Walsall mental health unit to close

 

Opposition councillors are dismayed at the decision by Walsall council to close ten beds for mental health patients in Walsall, which could leave vulnerable people at risk. The decision to close the unit was taken by the council’s controlling Conservative and Liberal Democrat coalition at a cabinet meeting last week.

Broadway North Residential Unit in Chuckery provides ten respite and crisis beds to adults suffering from illnesses such as clinical depression, and closure comes as Walsall council discusses plans to cut £18.9 million from its budget. Cabinet members supported the proposal despite it being part of the draft budget which is supposedly open to change while a public consultation is carried out.

Labour members of the council say it shows how the authority’s Conservative and Lib Dem coalition are targeting social services and failing to protect the vulnerable. They will now ask the Conservative/Lib Dem Coalition which runs the council to put politics aside to find a better alternative to the ‘just shut it’ argument.

Labour group leader and chair of the influential Social Services Scrutiny Panel, Tim Oliver, said the proposal to close the unit was an example of the cabinet’s out of touch priorities.

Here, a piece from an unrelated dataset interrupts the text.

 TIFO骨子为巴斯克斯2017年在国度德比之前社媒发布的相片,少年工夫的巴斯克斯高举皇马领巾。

He said: “Staff, patients and the public rightly believe this is the sort of service we should be protecting not threatening with closure, and that’s why Labour has opposed this closure, as our research has failed to provide assurances that thought-out alternative plans are in place for this vulnerable group. Leaving patients without the support they need when their illnesses threaten to overwhelm them is the epitome of the Tory and Lib Dem policies which ignore the needs of the vulnerable and only store up problems for the future.

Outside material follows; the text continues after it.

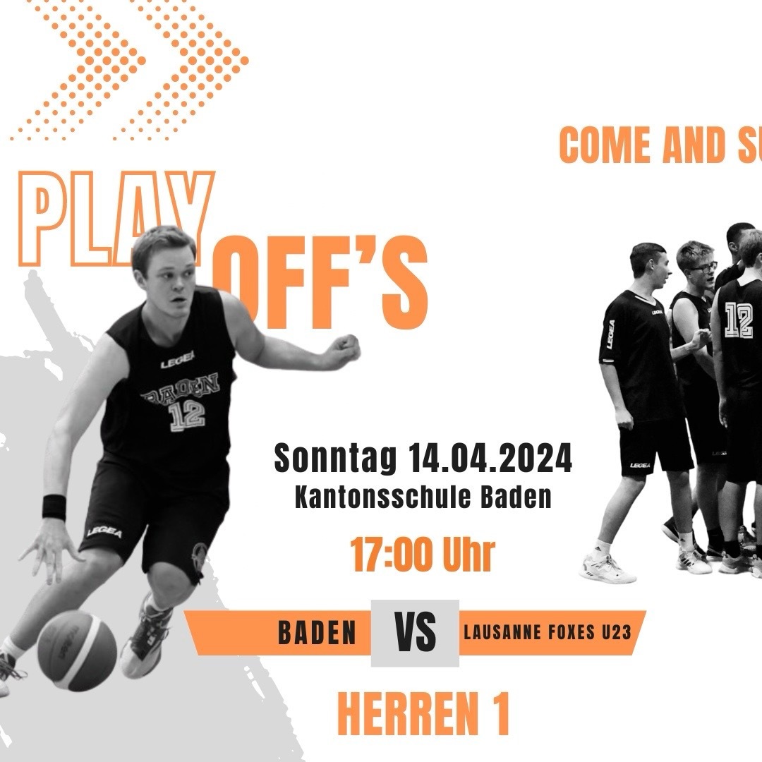 Am Sonntag findet das 1/8-Final Playoff-Spiel der Herren 1 gegen Lausanne Foxes U23 statt. Baden beendete die Saison auf dem 5. Rang und trifft somit auf das viertplatzierte Team aus der West-Gruppe. Die Ausgangslage verspricht somit ein spannendes Spiel und ist motiviert sich eine gute Ausgangslage zu erarbeiten für das Rückspiel, welches eine Woche später in Lausanne ausgetragen wird.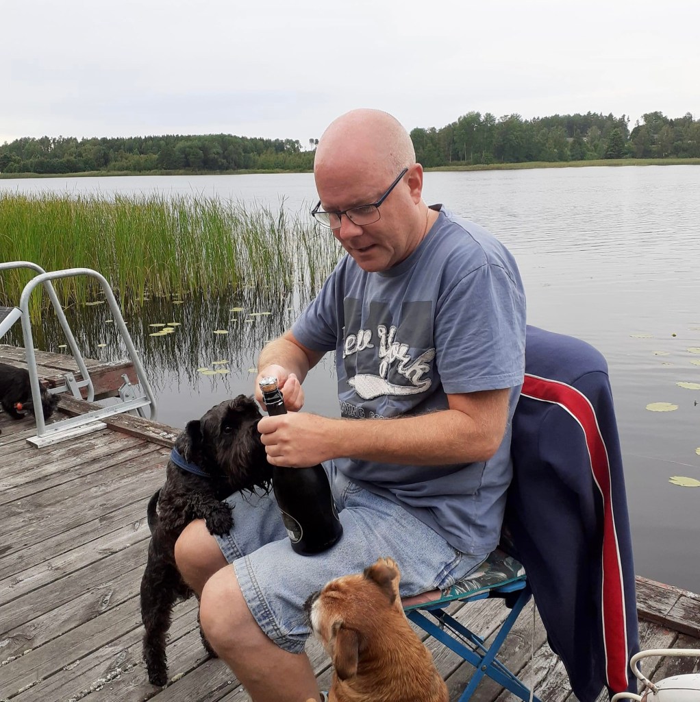 Söndag kväll och vi är på väg till kompisarna Magnus och Gunnar för champagne party på deras brygga. De bor på lagom promenadavstånd..

The council claims that an alternative unit run by a local social housing landlord could cover the gap, but staff have told Labour councillors that this would create periods when clinicians are frantically searching for beds. This is made worse by the fact that patients with mental illnesses often present themselves when they hit crisis point and they need immediate treatment and care. Closing the unit is believed to enable the council to save around £100,000 per year.